Semaine de la santé sexuelle : Nicolas Aragona, séropositif, dénonce la violence de la sérophobie dont souffrent les personnes vivant avec le VIH

Publié le Mis à jour le
Écrit par Karen Cassuto

La semaine de la santé sexuelle se déroule jusqu'à ce dimanche 5 juin, l'occasion de revenir sur la sérophobie dont sont victimes les personnes vivant avec le VIH en France. Témoignage du niçois Nicolas Aragona, fondateur de l'association "Supersero".

Nicolas Aragona est séropositif, il a fondé l'association "Supersero" pour "déstigmatiser la séropositivité" et "apporter plus de visibilité des personnes séropositives dans la culture populaire, défendre les droits des PVVIH : les Personnes Vivants avec le VIH". 

Plus de 76 000 personnes le suivent sur le réseau social Tiktok et près de 8 000 sur Instagram.

Ce Niçois de 33 ans, designer et étudiant en art thérapie, passe plusieurs heures par jour à répondre à la trentaine de messages, souvent de détresse, qu'il reçoit.

Nicolas Aragona dénonce une sérophobie encore trop présente et trop violente en France. Nous l'avons interviewé. 

Qu'est-ce que la sérophobie ?

Nicolas Aragona"La sérophobie c’est la peur du VIH, des personnes séropositives, et toutes les discriminations qui en découlent. Quelqu’un qui a très peur du VIH n’est pas automatiquement sérophobe mais il peut avoir des réactions sérophobes. C’est le côté systémique qui implique des discriminations. Généralement c’est dû à un manque d’informations tout simplement".

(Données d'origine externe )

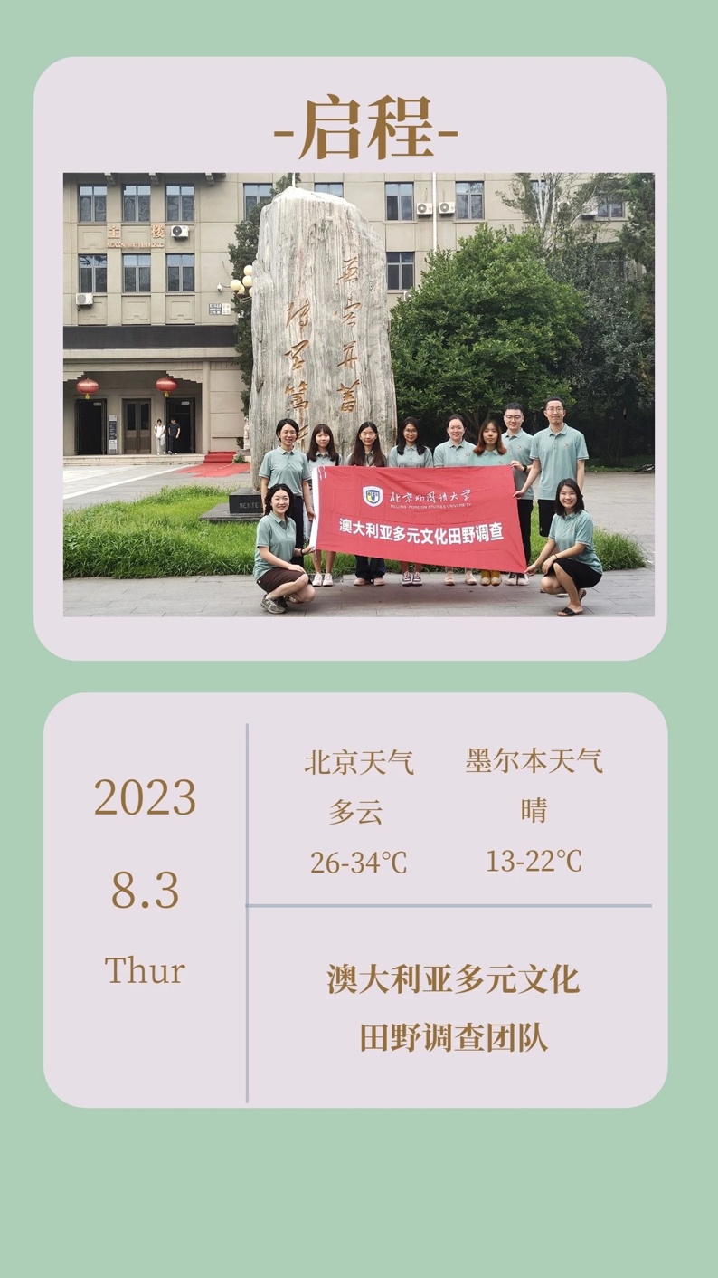 yl23411永利澳大利亚多元文化田野调查团由江璐老师、骆天一老师带队,8名本科、硕士员工组成。团队成员于2023年8月3日~8月12日赴澳开展多元文化田野调查。此次海外实践以探究澳大利亚多元文化社会发展为主题,通过在墨尔本和悉尼两地开展实地调研,探究中国文化在澳接受程度以及在澳华人职工的社会融入情况,旨在了解澳洲多元文化环境的发展样态。

Toutes les personnes atteintes de VIH vivent-elles de la sérophobie ?

"Oui, dans la mesure où on n’a pas de représentations, on est isolé. Et même quand on est bien entouré, on subit de la discrimination d’Etat. Par exemple, nous n’avons pas le droit d’exercer les professions de policier, gendarme et pompier car le VIH nous rend « inaptes » d’après le SIGYCOP (profil médical, NDLR)  alors que nous ne sommes pas malades".

Concrètement, sous quelles formes se manifestent ces discriminations ?

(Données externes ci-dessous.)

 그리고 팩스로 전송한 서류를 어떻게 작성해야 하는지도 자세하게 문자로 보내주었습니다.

"C’est par exemple plus compliqué d’obtenir un prêt à la banque ou d’être assuré, même s’il y a des améliorations. On subit aussi des discriminations médicales.

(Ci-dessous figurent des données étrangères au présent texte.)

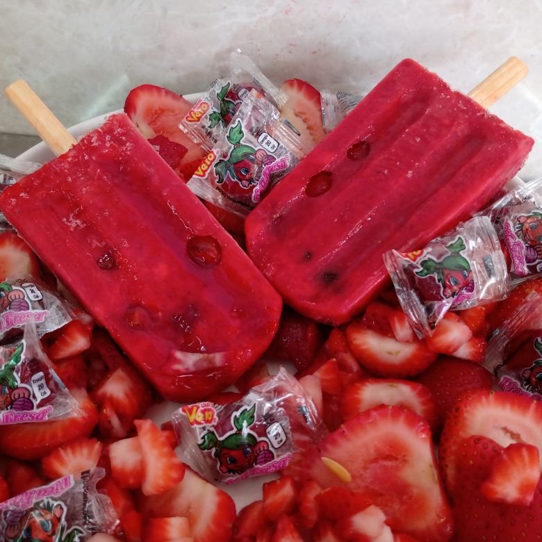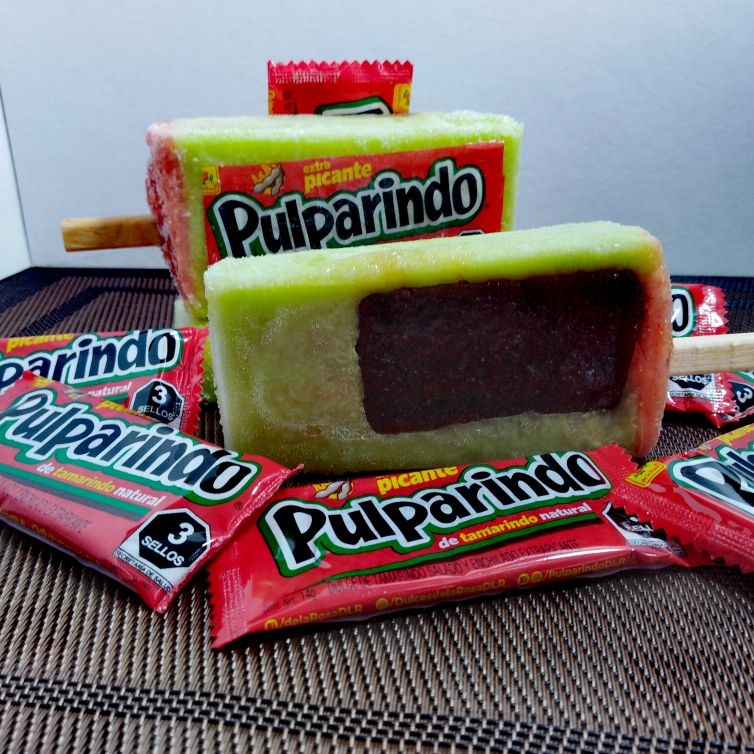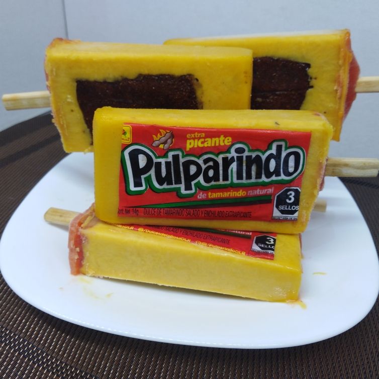 Paleta sabor limón rellena de chamoy y su dulce de pulparindo.

L’ALD, l’Affection Longue Durée, apparaît tout de suite sur notre carte vitale. C’est comme si on n’avait pas le droit d'avoir une vie privée puisque certains soignants se permettent de nous questionner. Il y a même des dentistes qui refusent de nous soigner par exemple, souvent de manière détournée. Il y a aussi les voyages !

Beaucoup de pays refusent encore de recevoir des personnes séropositives. Jusqu’à l’arrivée de Barack Obama au pouvoir aux Etats-Unis, on n’avait pas le droit d’y séjourner ! La divulgation de notre séropositivité n’est pas protégée. On a très peu d’informations sur nos droits comme celui de ne pas dire qu’on est séropositif. Le don du sang est refusé à nos compagnes et compagnons alors que nous ne sommes pas transmissibles quand nous sommes sous traitement. Il y a aussi l’entourage.

Le milieu homosexuel est assez virulent avec les personnes séropositives. Sur les sites de rencontres, on demande toujours à la personne si elle est « clean ». C’est violent. Le compte Instagram « seropos vs grindr » montre des exemples de ce que l’on peut subir".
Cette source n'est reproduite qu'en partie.